Exclude the images, then return every line below exactly as written.

- _Given material_:
::::
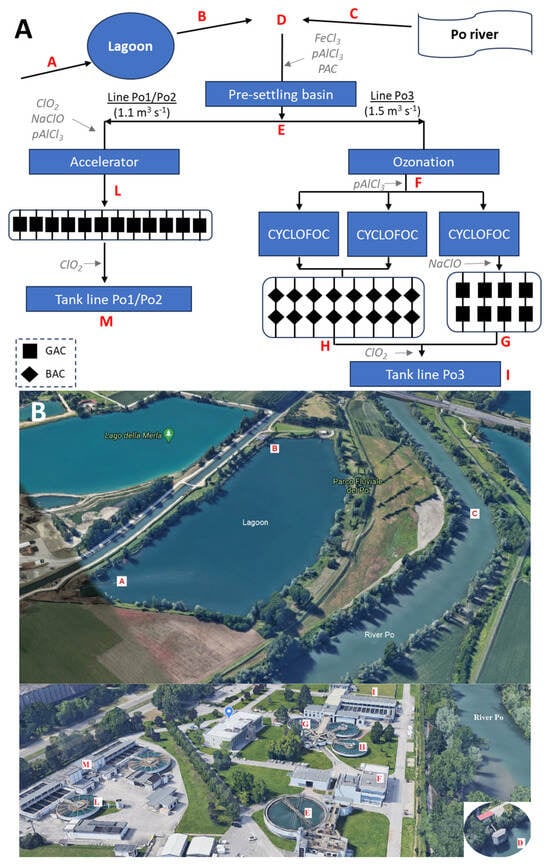 The studied DWTP treats a mix of water from the river Po (site C) and a lagoon located about 10 km upstream (sites A and B, for the lagoon’s inlet and outlet, respectively). The lagooning pre-treatment was included in the studied DWTP to improve the characteristics of treated water and reduce the amounts of chemical reagents needed along with the different processes. Water from sites B and C is mixed and passed through a wire mesh filter (6 mm2 mesh size), which removes most of the coarse contaminants and sediments (site D) before flowing into the treatment plant. The river bed is pumped (ca. 3.6 m3 s−1 flow) through 100 cm diameter steel pipelines into a static horizontal flow pre-settling basin (designed to handle a flow of 2 m3 s−1), which consists of a circular pool of 33 m in diameter and 5.15 m high (4300 m3 capacity and effective surface area of 850 m2) and equipped with a rotary dredge for the mechanical removal of sludge, where additives (iron or aluminium chloride salts) are used to promote the sedimentation process. Powdered activated carbon (PAC) is also added to remove emerging contaminants in this step. The sludge, accumulated at the bottom, is evacuated by two electric pumps with a capacity of 35 L s−1. At the outlet of the pre-settling basin (site E), the treatment plant is divided into three different lines, Po1 and Po2 (identical treatment lines hereafter named as Po1/Po2, with a total output of 1.1 m3 s−1) and Po3 (with an output of 1.5 m3 s−1).
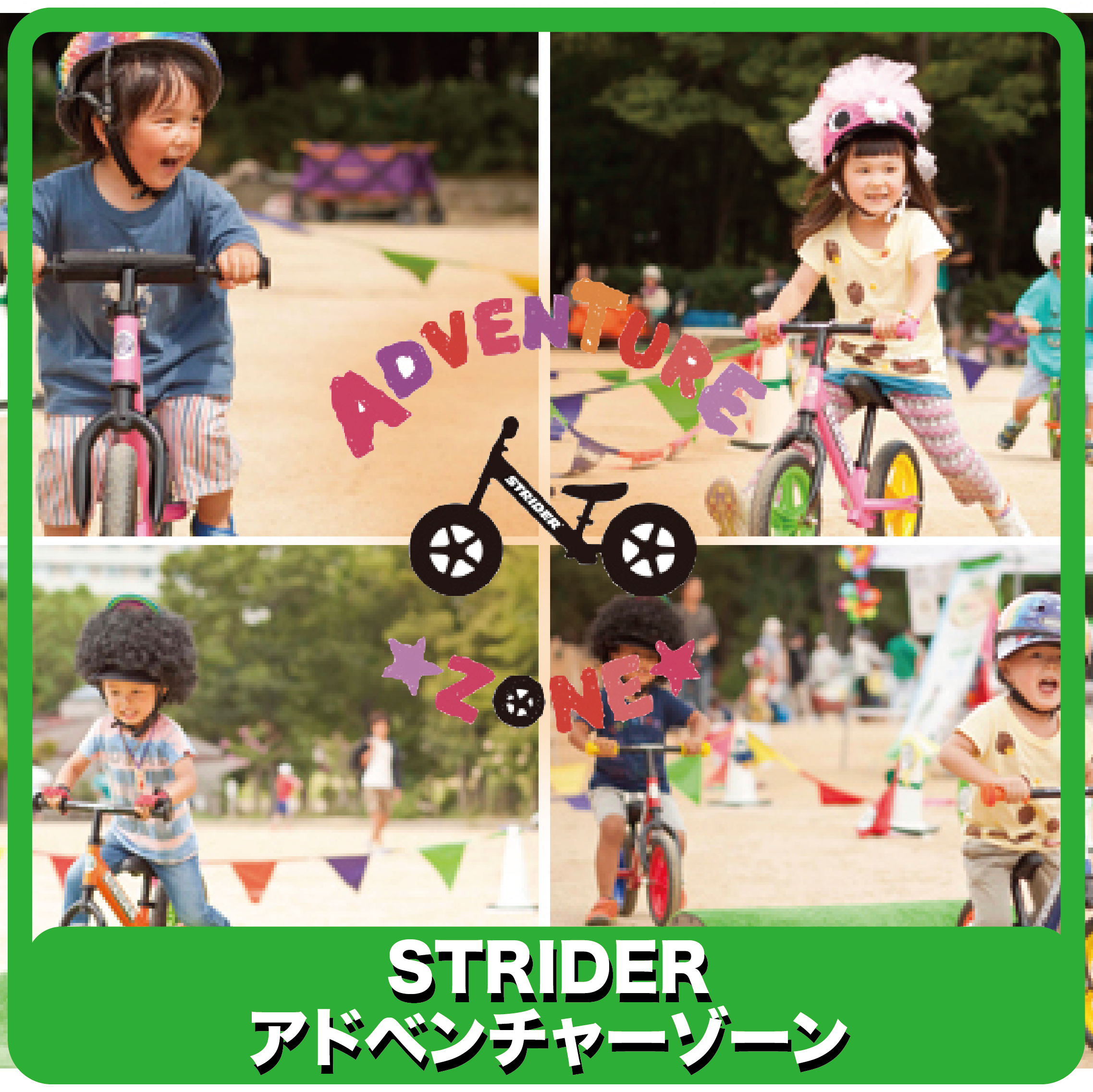 レースはありませんが、ストライダーを使った楽しく学べる「エブリバディストライダー」
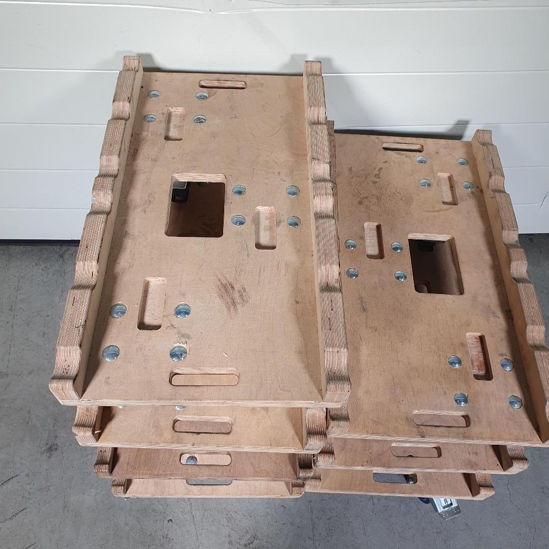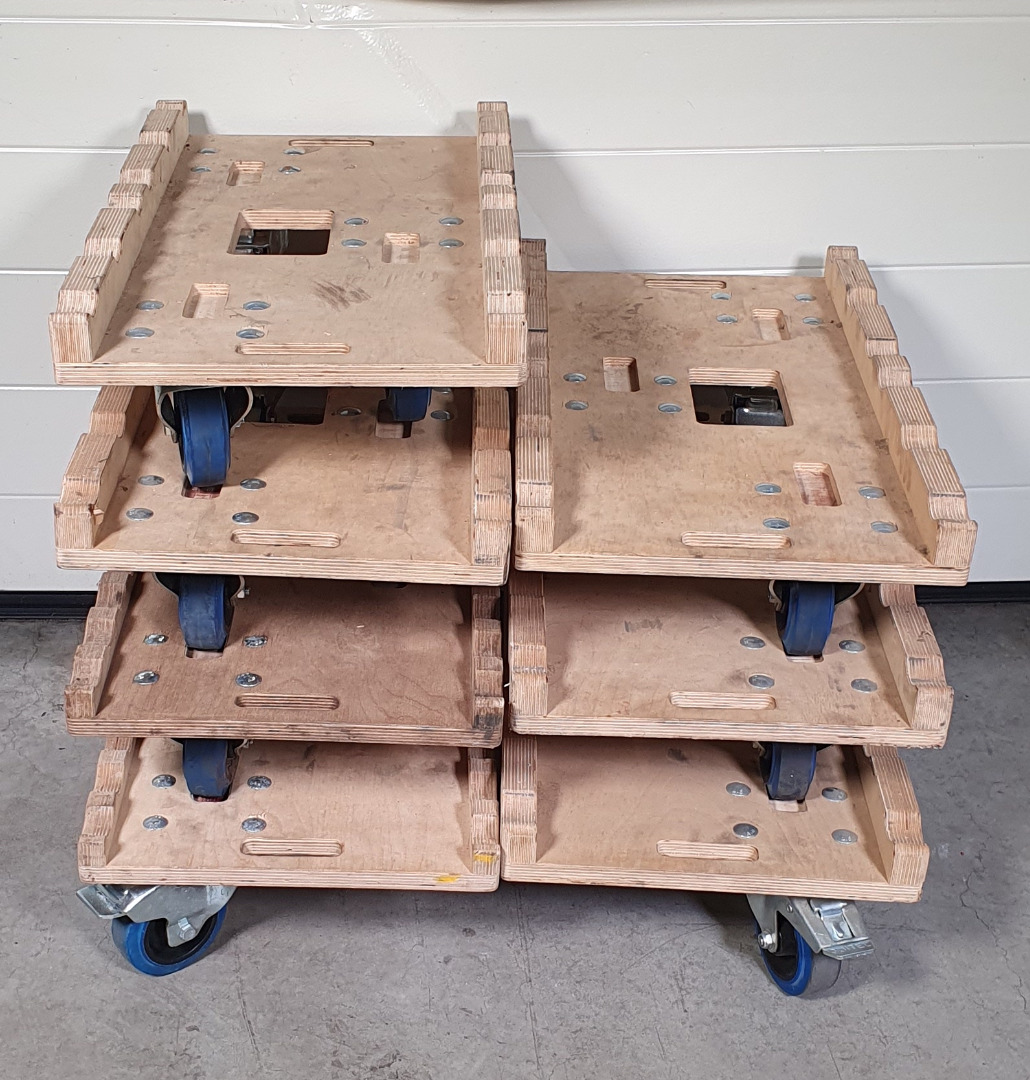 - 7x Rollbretter für Traversen mit 3 Lenkrollen & Reifeneinkerbung – stapelbar, robust
::::
- _Written response_:
 The studied DWTP treats a mix of water from the river Po (site C) and a lagoon located about 10 km upstream (sites A and B, for the lagoon’s inlet and outlet, respectively). The lagooning pre-treatment was included in the studied DWTP to improve the characteristics of treated water and reduce the amounts of chemical reagents needed along with the different processes. Water from sites B and C is mixed and passed through a wire mesh filter (6 mm2 mesh size), which removes most of the coarse contaminants and sediments (site D) before flowing into the treatment plant. The river bed is pumped (ca. 3.6 m3 s−1 flow) through 100 cm diameter steel pipelines into a static horizontal flow pre-settling basin (designed to handle a flow of 2 m3 s−1), which consists of a circular pool of 33 m in diameter and 5.15 m high (4300 m3 capacity and effective surface area of 850 m2) and equipped with a rotary dredge for the mechanical removal of sludge, where additives (iron or aluminium chloride salts) are used to promote the sedimentation process. Powdered activated carbon (PAC) is also added to remove emerging contaminants in this step. The sludge, accumulated at the bottom, is evacuated by two electric pumps with a capacity of 35 L s−1. At the outlet of the pre-settling basin (site E), the treatment plant is divided into three different lines, Po1 and Po2 (identical treatment lines hereafter named as Po1/Po2, with a total output of 1.1 m3 s−1) and Po3 (with an output of 1.5 m3 s−1).
 レースはありませんが、ストライダーを使った楽しく学べる「エブリバディストライダー」
 - 7x Rollbretter für Traversen mit 3 Lenkrollen & Reifeneinkerbung – stapelbar, robust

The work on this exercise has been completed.